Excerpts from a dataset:
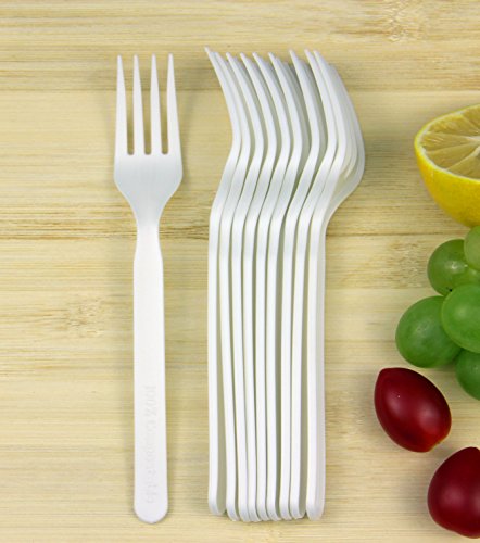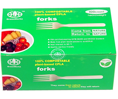 GreenWorks 100% Biodegradable and Compostable CPLA Cornstarch Disposable Cutlery Utensils Flatware,100 Ct 7" Heavyweight Forks
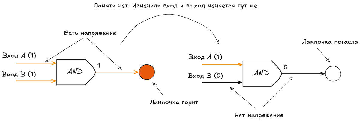 Триггер — это особая схема из логических элементов, которая впервые даёт компьютеру способность запоминать. Логические элементы, которые мы знаем, такие как «И», «ИЛИ» и «НЕ», работают мгновенно: вход изменился — выход тоже изменился. Но в них нет памяти, состояние исчезает, как только пропадает сигнал.
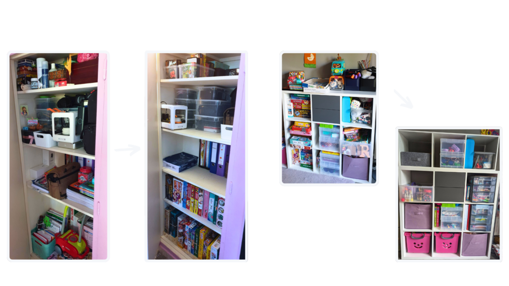 Nous avons fait un gros tri dans les jouets (jeté ceux cassés ou incomplets et donné ceux trop petits) et réorganisé en donnant une fonction à chaque espace (puzzles, activités créatives, Lego, poupées, …). Et tout à portée des enfants pour qu’ils puissent ranger en toute autonomie.
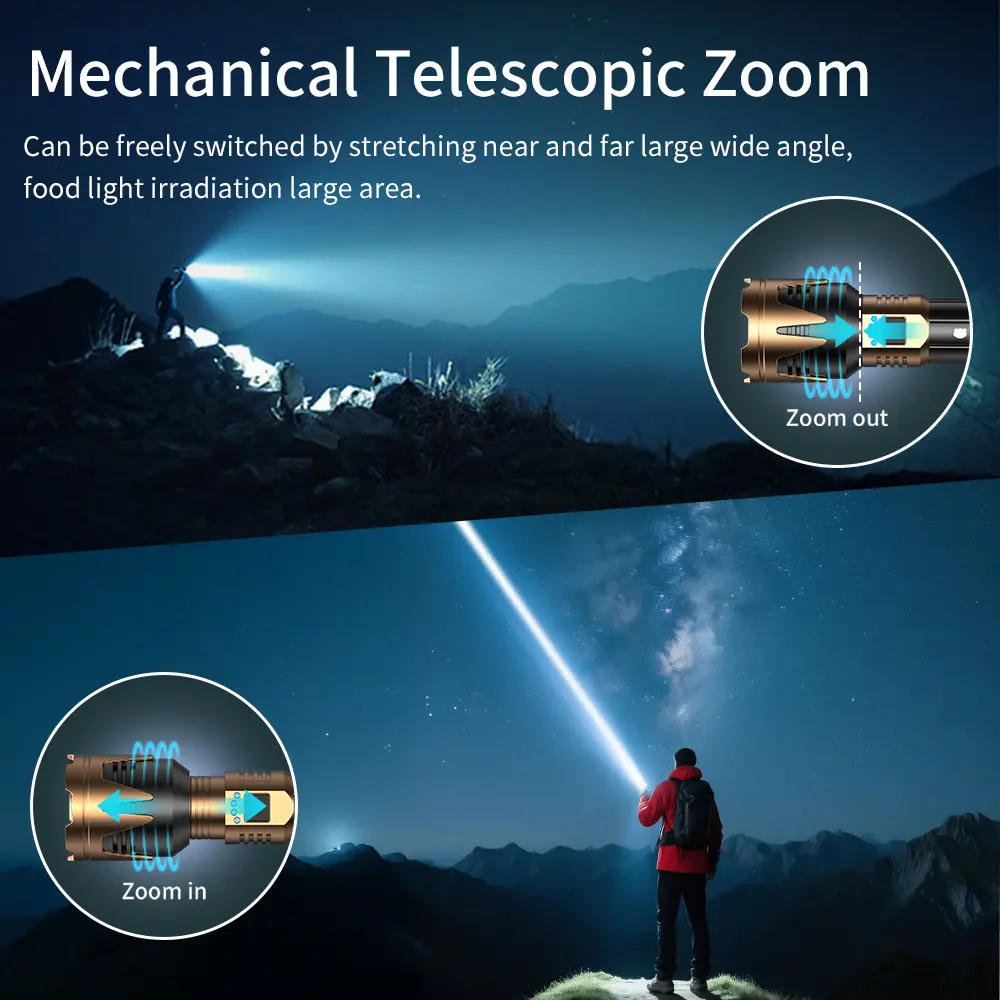 Black Panda Pro High-Brightness Rechargeable Camping Flashlight, Outdoor Searchlight, 5500mAh Battery Capacity, Water resistant , USB Charging, Zoomable Focus
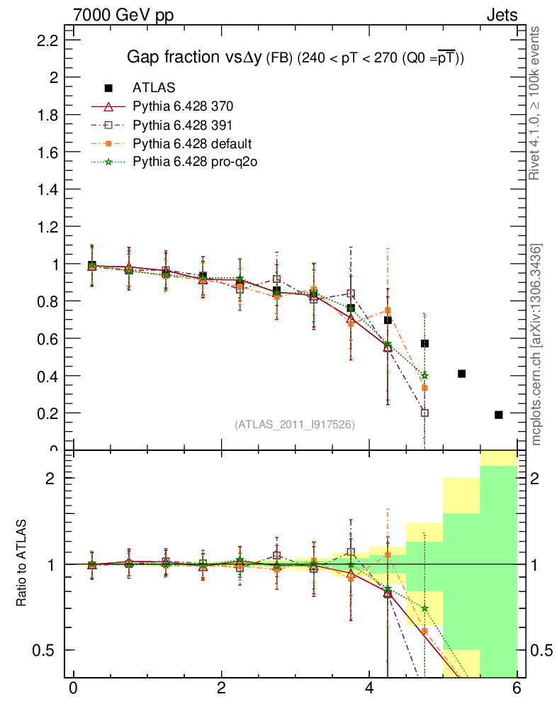 Jets : Jets + Veto : Gap fraction vs Δy (FB)

Instructions for the task: Repeat each line of the records exactly. Do not include the pictures.

Response to the task:
 GreenWorks 100% Biodegradable and Compostable CPLA Cornstarch Disposable Cutlery Utensils Flatware,100 Ct 7" Heavyweight Forks
 Триггер — это особая схема из логических элементов, которая впервые даёт компьютеру способность запоминать. Логические элементы, которые мы знаем, такие как «И», «ИЛИ» и «НЕ», работают мгновенно: вход изменился — выход тоже изменился. Но в них нет памяти, состояние исчезает, как только пропадает сигнал.
 Nous avons fait un gros tri dans les jouets (jeté ceux cassés ou incomplets et donné ceux trop petits) et réorganisé en donnant une fonction à chaque espace (puzzles, activités créatives, Lego, poupées, …). Et tout à portée des enfants pour qu’ils puissent ranger en toute autonomie.
 Black Panda Pro High-Brightness Rechargeable Camping Flashlight, Outdoor Searchlight, 5500mAh Battery Capacity, Water resistant , USB Charging, Zoomable Focus
 Jets : Jets + Veto : Gap fraction vs Δy (FB)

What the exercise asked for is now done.